- TRY IT -
Word for word, restate the lines of the data below between those holding "35) در سال ۱۸۰۳" and "9月14日下午,国际教育学院", inclusive; pictures do not belong in the copy.

- RECORD EXCERPTS -
= Beginning of Section =
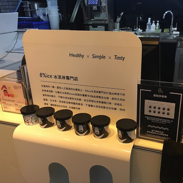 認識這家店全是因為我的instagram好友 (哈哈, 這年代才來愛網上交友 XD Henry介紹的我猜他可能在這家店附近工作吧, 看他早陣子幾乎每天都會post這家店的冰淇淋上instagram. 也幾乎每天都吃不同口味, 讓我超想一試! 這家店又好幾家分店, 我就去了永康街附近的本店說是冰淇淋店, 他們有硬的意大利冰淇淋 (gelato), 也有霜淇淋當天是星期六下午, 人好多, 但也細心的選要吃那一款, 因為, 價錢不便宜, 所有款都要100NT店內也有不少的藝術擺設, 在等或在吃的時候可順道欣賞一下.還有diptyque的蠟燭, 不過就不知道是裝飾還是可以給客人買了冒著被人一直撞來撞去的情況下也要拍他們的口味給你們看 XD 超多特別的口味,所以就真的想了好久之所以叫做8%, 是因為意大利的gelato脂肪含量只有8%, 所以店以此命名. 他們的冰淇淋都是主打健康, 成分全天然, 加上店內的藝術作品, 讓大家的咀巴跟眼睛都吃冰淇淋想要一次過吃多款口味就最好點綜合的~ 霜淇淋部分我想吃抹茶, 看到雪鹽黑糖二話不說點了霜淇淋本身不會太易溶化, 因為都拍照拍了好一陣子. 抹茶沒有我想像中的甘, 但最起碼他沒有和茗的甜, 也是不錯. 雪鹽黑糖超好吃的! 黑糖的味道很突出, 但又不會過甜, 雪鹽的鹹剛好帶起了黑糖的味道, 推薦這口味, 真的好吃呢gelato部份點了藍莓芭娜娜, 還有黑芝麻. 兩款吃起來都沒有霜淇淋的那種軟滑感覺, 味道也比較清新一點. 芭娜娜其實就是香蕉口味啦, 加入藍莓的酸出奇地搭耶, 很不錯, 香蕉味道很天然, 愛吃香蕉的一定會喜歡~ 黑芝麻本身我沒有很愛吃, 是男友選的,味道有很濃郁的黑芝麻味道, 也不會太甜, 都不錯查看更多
= End of Section =
= Beginning of Section =
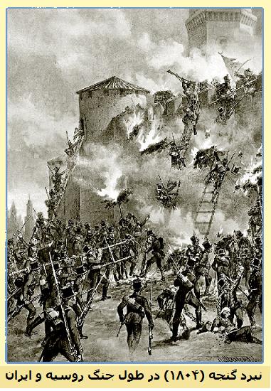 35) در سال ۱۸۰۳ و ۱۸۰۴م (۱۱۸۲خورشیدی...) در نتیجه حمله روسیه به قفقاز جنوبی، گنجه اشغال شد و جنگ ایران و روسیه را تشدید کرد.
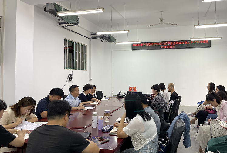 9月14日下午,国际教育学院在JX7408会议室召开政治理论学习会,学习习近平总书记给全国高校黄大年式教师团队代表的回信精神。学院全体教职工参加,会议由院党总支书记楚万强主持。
= End of Section =
- EXERCISE OUTPUT -
 35) در سال ۱۸۰۳ و ۱۸۰۴م (۱۱۸۲خورشیدی...) در نتیجه حمله روسیه به قفقاز جنوبی، گنجه اشغال شد و جنگ ایران و روسیه را تشدید کرد.
 9月14日下午,国际教育学院在JX7408会议室召开政治理论学习会,学习习近平总书记给全国高校黄大年式教师团队代表的回信精神。学院全体教职工参加,会议由院党总支书记楚万强主持。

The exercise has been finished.